NCERT Class 12 Math Chapter 3 Matrices All Exercise – Exercise 3.4 (Plain Text)

Q1. Find the transpose of the following matrices:
(i) [[2, –1], [3, 4], [1, 2]]
(ii) [[1, 2, 3], [–1, 0, 4]]
(iii) [[–1, 2, 1], [1, 2, –1], [–1, –2, –1]]

Answer:
(i) Transpose = [[2, 3, 1], [–1, 4, 2]]
(ii) Transpose = [[1, –1], [2, 0], [3, 4]]
(iii) Transpose = [[–1, 1, –1], [2, 2, –2], [1, –1, –1]]

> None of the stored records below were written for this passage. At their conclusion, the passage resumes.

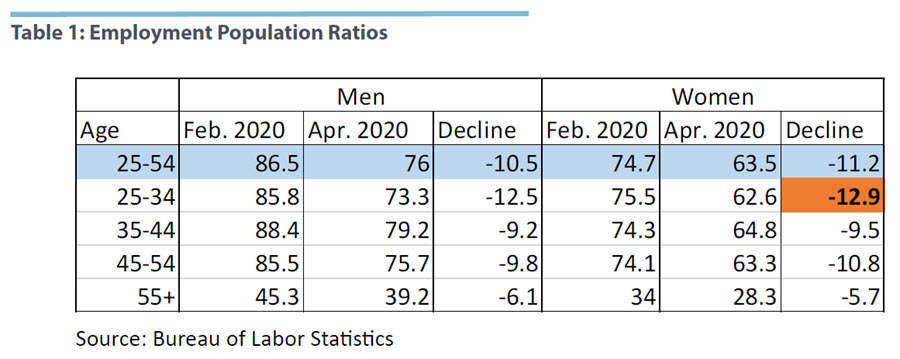 A third way to view employment among women is the employment-population ratio, which is the percentage of the population that is working. For both men and women, the April month-over-month drop in the employment-population ratio was the largest on record (records date back to 1948). Since the beginning of the crisis, the percentage of women between the ages of 25 and 54 who are working has fallen by 11.2 percentage points. The decline was largest among younger workers, ages 25 to 34. For women in this age group, the employment-population ratio declined by 12.9 percentage points between February and April. (See Table 1.)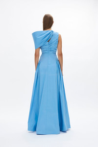 The elegant A-line Banksia gown features a cinched waist with an internal corset and waist tape for added support and a perfectly defined shape. The over-the-shoulder detail is designed to beautifully flatter the decolletage, adding a touch of sophistication. Falling to a floor-grazing, soft voluminous skirt, the gown is enhanced with symmetrical ruching on each hip, creating a flattering hourglass silhouette. Made from high-stretch, lightweight fabric, this gown offers ease of wear while maintaining its luxurious fit. A stunning choice for any refined occasion. Details & Fit Runs true to size, we recommend taking the size closest to your bust and waist measurement. Model is 5'10 and wears a RG 1 = US 4 = AU/UK 8. - Lightly boned internal bodice - Internal elastic waistband - Back zip - Structured drape around shoulders - High stretch Fabric & Care Frey Taffeta Main: 50% Polyester 45% Nylon 5% Elastane Lining: 100% Polyester Dry clean only See sewn in label for further care instructions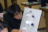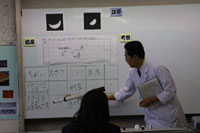 岐阜大学附属中学校における金星の満ち欠けの授業の様子。2002年10月21日。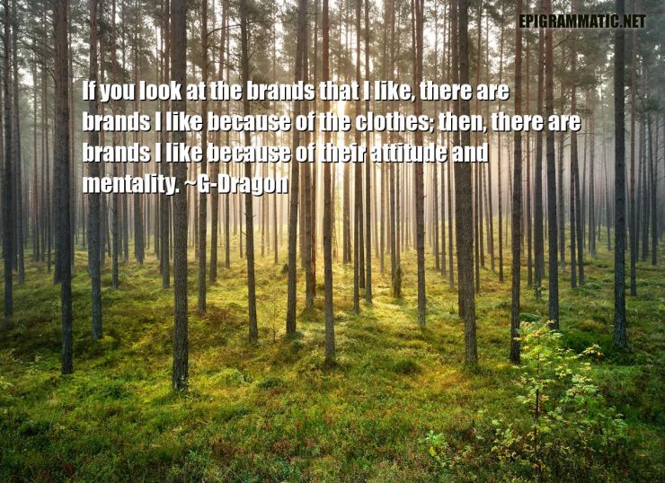 G-Dragon Quotes G-Dragon If you look at the brands that I like, there are brands I like because of the clothes; then, there are brands I like because of their attitude and mentality. Attitude Because Brands Clothes Look You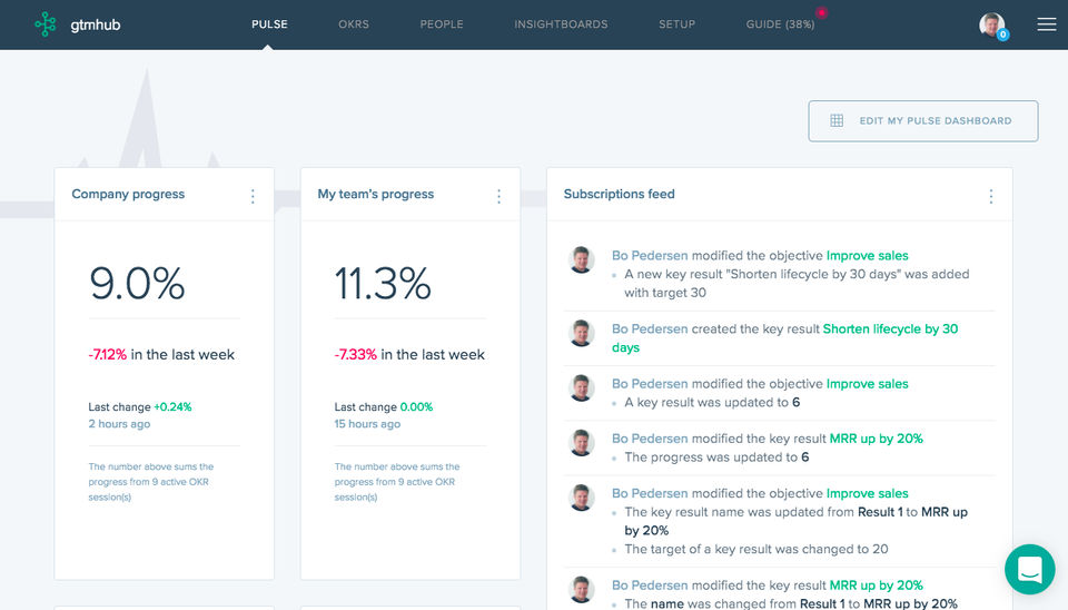 gtmhub is supposed to be a tool to manage company wide OKRs. Currently the benefits are limited as it is unclear how someone's ORKs are related to those of their team's, department's and company's.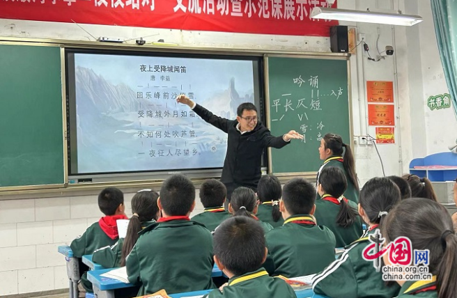 翠屏区语文骨干教师黄平给孩子们带去了一堂精彩的古诗吟诵课《夜上受降城闻笛》。黄平像叙家常一样,联系关键词从古诗的时代背景讲起,带着孩子们感受诗句描写的场景,教给孩子们学会“平长仄短”的吟诵方法。在黄平抑扬顿挫的吟诵声里,孩子们仿佛感受到了边塞古城的荒凉和征人的思乡之情。带着感受,孩子们用黄平老师教的方法,声情并茂、手舞足蹈学习吟诵,很快入情入景。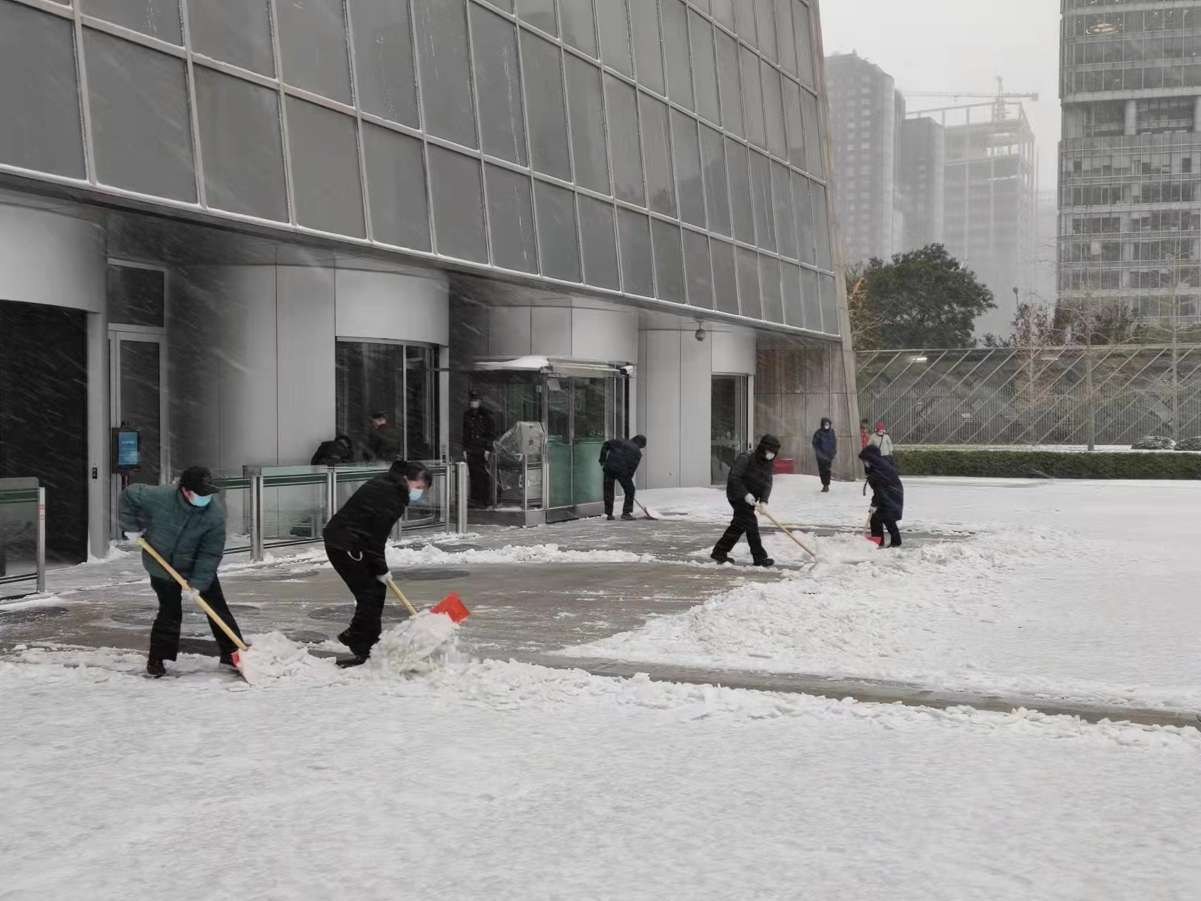 為最大限度地減少降雪天氣對業(yè)主出行造成的影響,公司安委會密切關注氣象預警,第一時間轉發(fā)寒潮、大風、暴雪、道路結冰黃色預警信息,在京各項目立即啟動雪天應急預案,積極投入到掃雪除冰工作中,在主要通道噴灑融雪劑,樓門入口鋪設防滑墊,設立“小心地滑”提示牌,出動三百余人次,利用推雪板等各種掃雪工具進行清理。

Q2. If A = [[1, 3], [–1, 2]] and B = [[2, 0], [1, 4]], verify that (A + B)’ = A’ + B’

Answer:
A + B = [[1+2, 3+0], [–1+1, 2+4]] = [[3, 3], [0, 6]]
Transpose of (A + B):
(A + B)’ = [[3, 0], [3, 6]]

A’ = [[1, –1], [3, 2]]
B’ = [[2, 1], [0, 4]]
A’ + B’ = [[1+2, –1+1], [3+0, 2+4]] = [[3, 0], [3, 6]]

Hence, (A + B)’ = A’ + B’

Q3. If A = [[1, 2], [3, 4]], verify that (A’)’ = A

Answer:
A’ = [[1, 3], [2, 4]]
Then (A’)’ = [[1, 2], [3, 4]] = A
Hence, verified

Q4. If A = [[1, 2, 3], [–1, 0, 4]], B = [[1, 2], [3, 4], [–1, 0]], find (AB)’ and B’A’

Answer:
AB = [[1×1 + 2×3 + 3×(–1), 1×2 + 2×4 + 3×0],
      [–1×1 + 0×3 + 4×(–1), –1×2 + 0×4 + 4×0]]
= [[1 + 6 – 3, 2 + 8 + 0], [–1 + 0 – 4, –2 + 0 + 0]]
= [[4, 10], [–5, –2]]
So (AB)’ = [[4, –5], [10, –2]]

Now compute A’ and B’:
A’ = [[1, –1], [2, 0], [3, 4]]
B’ = [[1, 3, –1], [2, 4, 0]]
Now B’A’ =
[[1×1 + 3×(–1), 1×2 + 3×0, 1×3 + 3×4],
 [2×1 + 4×(–1), 2×2 + 4×0, 2×3 + 4×4]]
= [[1 – 3, 2 + 0, 3 + 12], [2 – 4, 4 + 0, 6 + 16]]
= [[–2, 2, 15], [–2, 4, 22]] → this doesn’t match (AB)’ (mistake in calculation or transpose)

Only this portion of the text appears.